Fakat bu romanda, kendinizi birden Afganistan'da buluyor, parçalanmış bedenleri, parçalanmış yaşamları, çocuk gelinlere ve diğer kadınlara toplumun erkekleri ve İslam Devleti tarafından sunulan vahşet dolu yaşamı çıplak gözle görüyor, tanık oluyor, isyan ediyorsunuz! "Bu kadarı da olmaz, olamaz!"diye haykırmak istediğiniz anda, o kadarından çok daha fazlasının da olabileceğini görüyor ve yine, yeniden dehşete düşerek soluk soluğa devam ediyorsunuz!
Savaşların, Taliban'ın ve cehaletten kurtulmasına müsaade edilmeyen, erkekleri kayıran ve kadına bir sokak köpeği, bir atık eşya kadar değer vermeyen şeriat kurallarının yol açtığı yıkımları bütün şeffaflığıyla okuyor, kimi zaman gözyaşlarınızı tutamıyor fakat yine de hayatta kalmak için çok iyi nedenleriniz varsa, bir kadın olarak bile hayatta kalınabileceğini görüyorsunuz!

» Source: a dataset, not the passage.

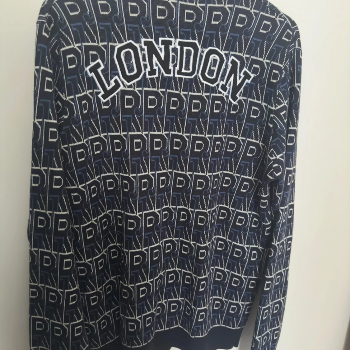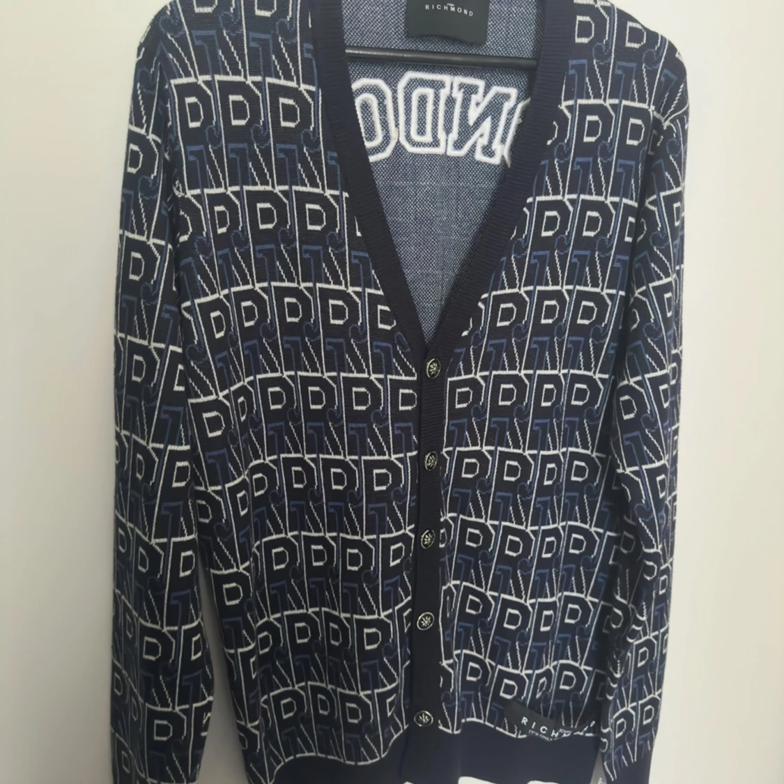 Snygg kofta från Richmond med ett unikt mönster i blått och vitt. Koftan har långa ärmar och knappar framtill. Texten 'LONDON' pryder ryggen, vilket ger en cool touch. Perfekt för dig som vill sticka ut!
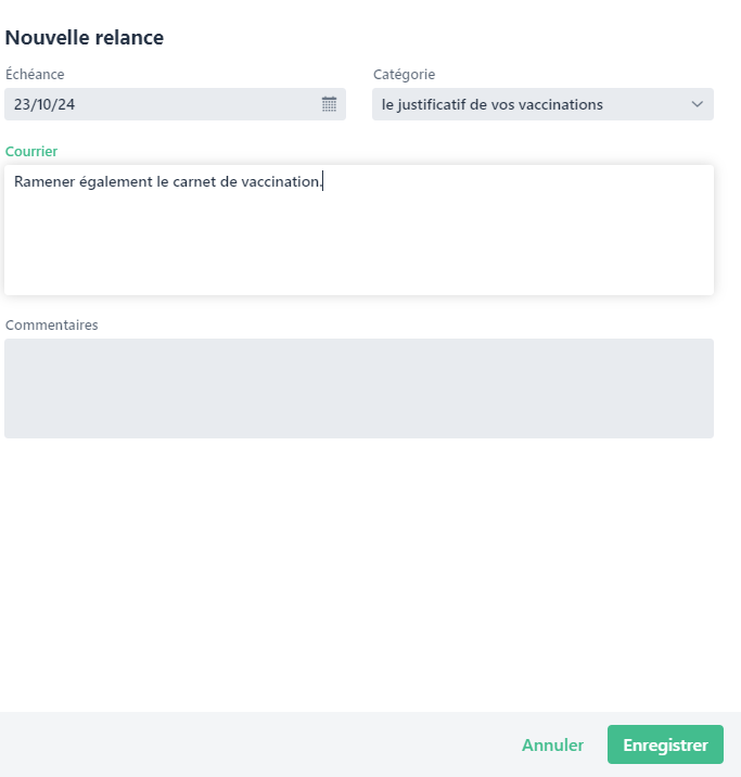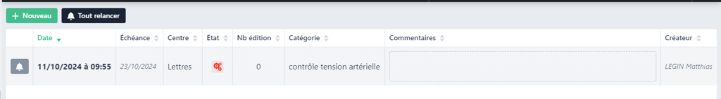 Saisie d’une nouvelle relance

Açlık, sefalet, savaş dolu uzun yıllar... Kadınlar için her şey çok daha zor...
Kıyaslama yapmayı doğru bulmuyorum fakat yine de belirtmek isterim ki bu roman, Uçurtma Avcısı'ndan çok daha ötelere gitmiş, hem yazarın kendini daha ileriye taşıdığını görüyoruz, hem de bu romanda Uçurtma Avcısı'nın aksine, ağırlıklı olarak "kalanların" yaşamını okuyoruz, "gidenlerin" değil.
Ayrıca bir kadın olarak bu ülkede kuşlar kadar özgür olduğumuzu hissettiren bir roman bu, her yöremizde olmasa bile...
Romanın sürükleyiciliğinden bahsetmeye gerek bile yok, Khaled Hosseini'yi okuyanlar bilirler, her iki romanı da birbirinini devamı gibi ardarda okudum ve akıcılık, üslup ve gerçekçilik konusunda mükemmel bir yazar olduğunu düşünüyorum...
Dilerim yaşamı boyunca Afganistan'ı yazmaya devam eder, medyanın samimiyetsizliğinden uzak, yeni yazarlara da öncü olur, çünkü yazmalılar, göstermeliler dünyaya, acıları derinden hissettirmeliler, Afganistan'a neler yapıldı, toplum neden ilerleyemedi ve yaşamlar nasıl paramparça oldu, ne uğruna?